Instructions to follow >>
Exact retyping of the data: please keep every word and drop each picture.

Available data >>
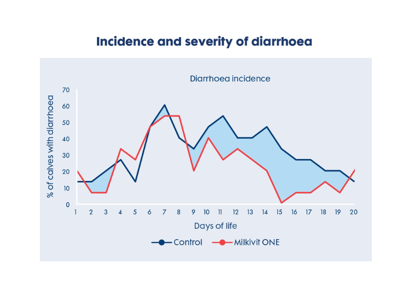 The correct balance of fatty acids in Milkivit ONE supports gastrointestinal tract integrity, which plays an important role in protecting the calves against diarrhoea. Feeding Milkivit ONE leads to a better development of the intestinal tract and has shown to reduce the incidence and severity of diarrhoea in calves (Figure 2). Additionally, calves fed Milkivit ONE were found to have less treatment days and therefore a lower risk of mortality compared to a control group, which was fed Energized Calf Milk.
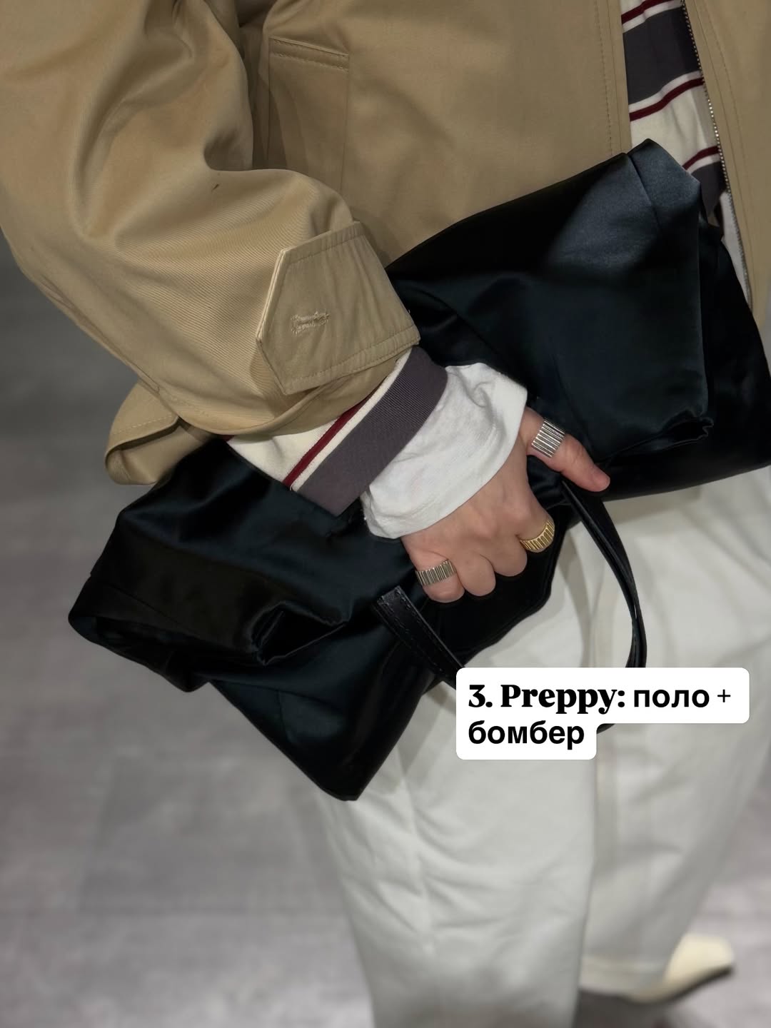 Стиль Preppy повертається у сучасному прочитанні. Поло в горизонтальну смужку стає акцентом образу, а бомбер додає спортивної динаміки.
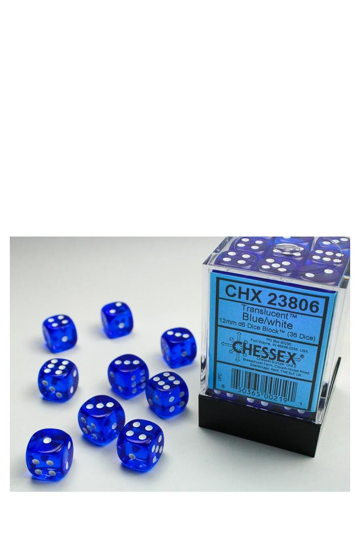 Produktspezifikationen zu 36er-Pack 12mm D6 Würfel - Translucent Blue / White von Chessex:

Written answer >>
 The correct balance of fatty acids in Milkivit ONE supports gastrointestinal tract integrity, which plays an important role in protecting the calves against diarrhoea. Feeding Milkivit ONE leads to a better development of the intestinal tract and has shown to reduce the incidence and severity of diarrhoea in calves (Figure 2). Additionally, calves fed Milkivit ONE were found to have less treatment days and therefore a lower risk of mortality compared to a control group, which was fed Energized Calf Milk.
 Стиль Preppy повертається у сучасному прочитанні. Поло в горизонтальну смужку стає акцентом образу, а бомбер додає спортивної динаміки.
 Produktspezifikationen zu 36er-Pack 12mm D6 Würfel - Translucent Blue / White von Chessex:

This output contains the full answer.